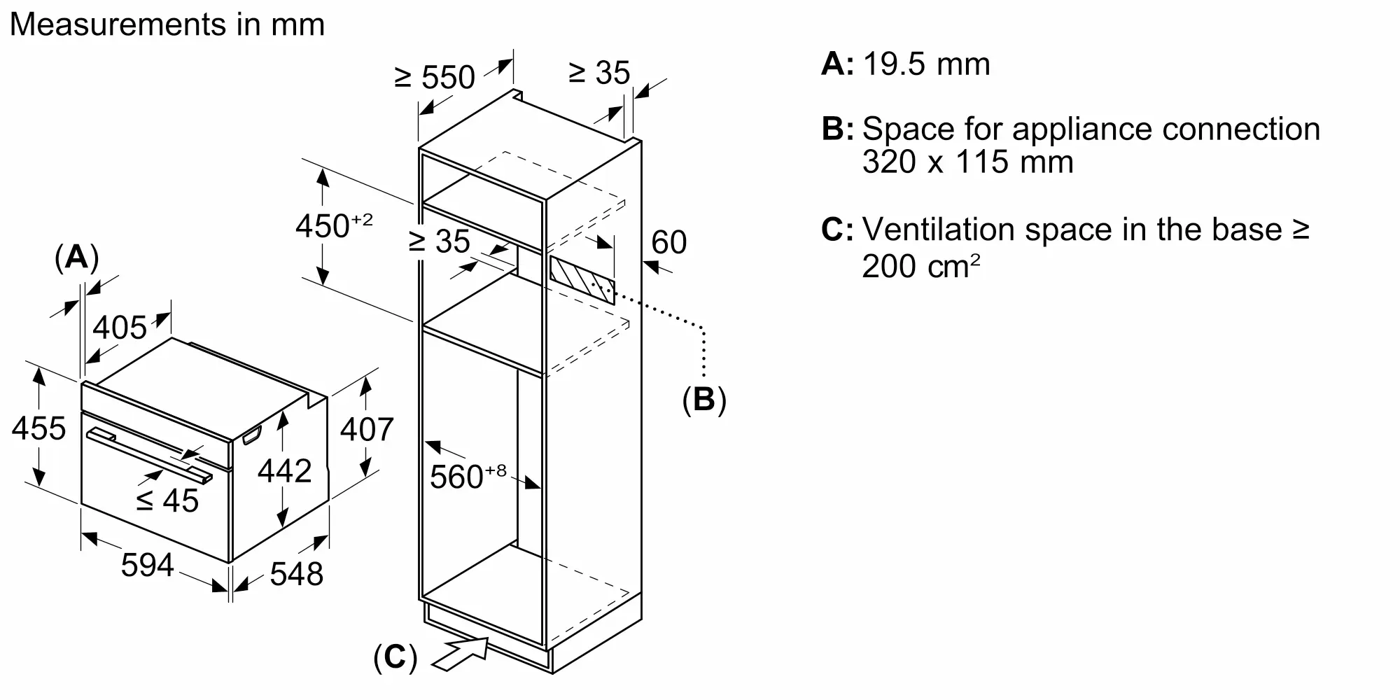 Seri 8 Oven built-in compact dengan fungsi microwave 60 x 45 cm HitamCMG778NB1
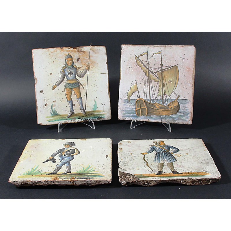 FOUR FAIENCE TILES, 19th century, probably French, including figures and a sailing boat, each 20cm x 20cm approx (4)
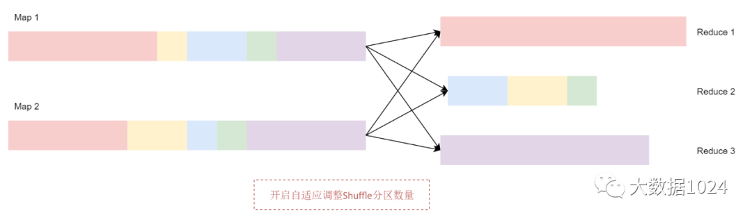 开启自适应调整Shuffle分区数量之后,Spark 会将这3个数据量比较小的分区合并为1个分区,让1个reduce任务处理,这个时候最终的聚合操作只需要启动3个reduce任务就可以了。

About this task:
Restate every line of the data above word for word, with the images removed.

Output of the task:
 Seri 8 Oven built-in compact dengan fungsi microwave 60 x 45 cm HitamCMG778NB1
 FOUR FAIENCE TILES, 19th century, probably French, including figures and a sailing boat, each 20cm x 20cm approx (4)
 开启自适应调整Shuffle分区数量之后,Spark 会将这3个数据量比较小的分区合并为1个分区,让1个reduce任务处理,这个时候最终的聚合操作只需要启动3个reduce任务就可以了。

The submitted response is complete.